I miss needles. I know that makes me sound like a raving psychopath but I really miss our daily ritual. I miss having something to do… although that’s not entirely true as I still do have something to do.
My rascally ovaries got themselves all flustered and overexcited during the FSH injections and this is not good. As I mentioned previously it can be quite dangerous and painful. Luckily for me, my case has erred to the side of just painful and not dangerous but it means that instead of getting a couple of progesterone injections after the transfer, I have to do take a more gentle dose of progesterone twice a day for a few weeks in a fashion that is probably best left undiscussed but involves paste, a squirter and my hoo hah. This daily ritual is most definitely a solo act and doesn’t come with cups of tea and sympathy from M who instead runs as far away as he can pulling ‘ick’ faces.

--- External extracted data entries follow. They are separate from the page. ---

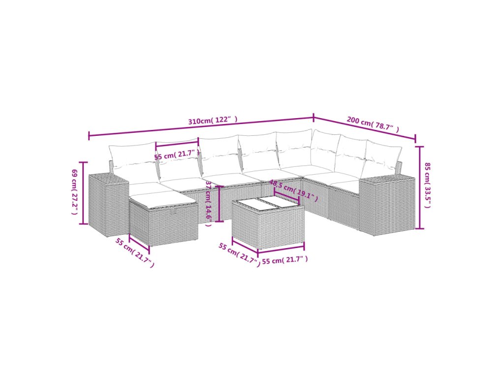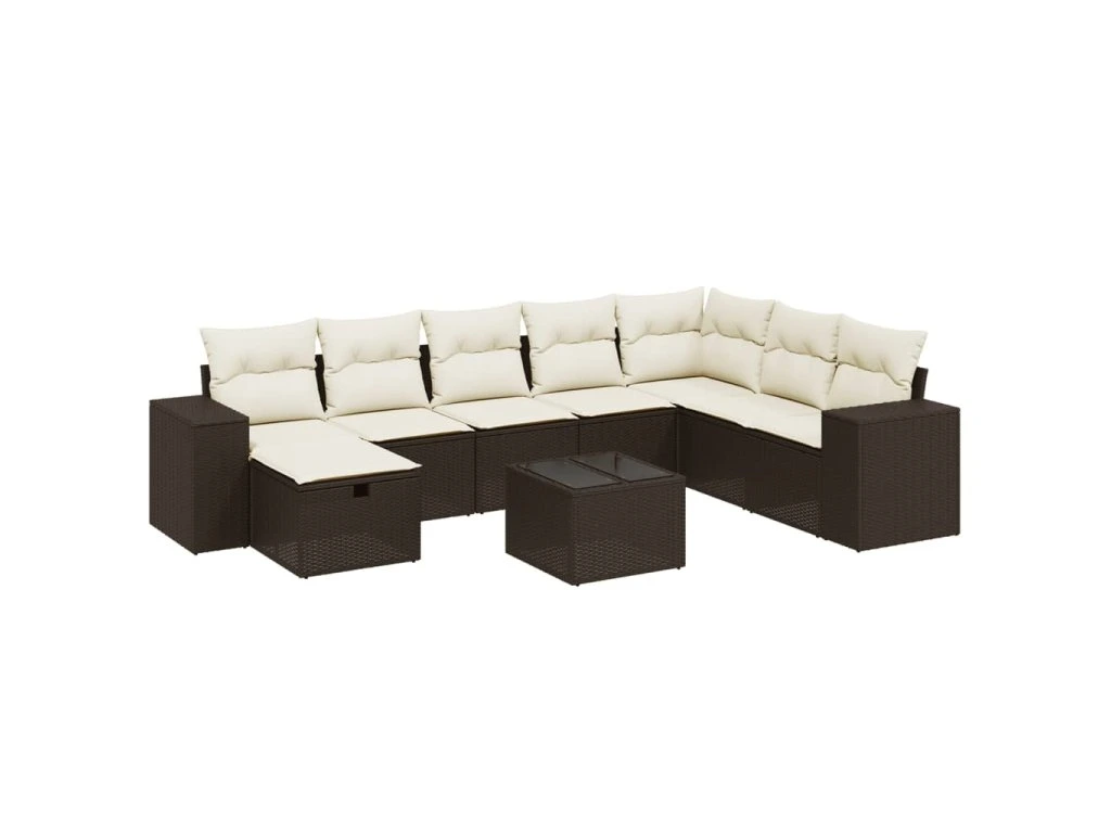 9dílná zahradní sedací souprava s poduškami hnědá polyratan 3264529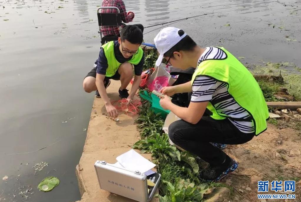 图为必赢中国官方网站沙湖环保志愿队的队员进行水质取样。新华网发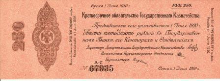 Бона 250 рублей Колчак 1919 г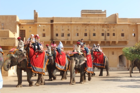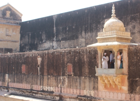 Amber-fort. We reden samen met een Jeep naar boven en liepen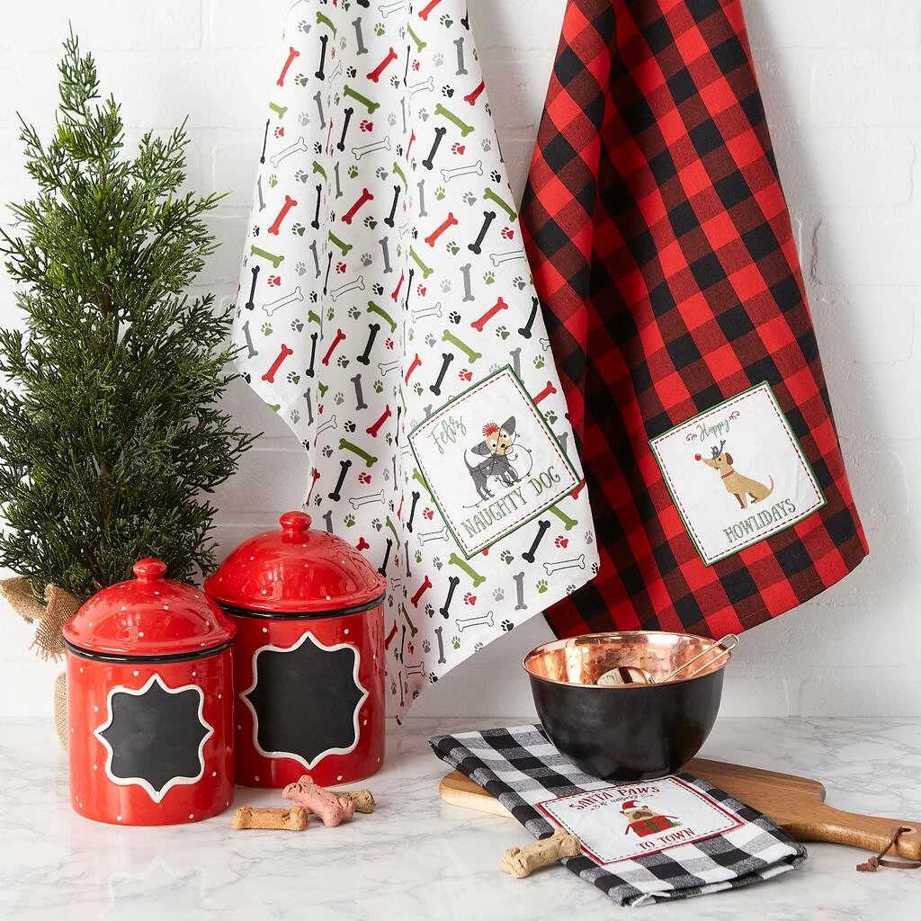 This Christmas puppy dishtowel set can coordinate with most kitchen dรฉcor to add color and joy. These easy care dishtowels are festive, fun and can tackle any mess made.

In more exciting news Dr. Sickboy called and tomorrow we transfer. One of the lucky embys will be moving out of the Petri dish and in to my womb with a view (well, it does reside on the harbour) and hopefully the rest will be big enough and tough enough to move into a big freezer.
At the moment this is what my embys look like.
I think they look exactly like little Perigord truffles which is wonderful because Perigord truffles arejust about my favourite things in the world and simply love hanging about in my belly.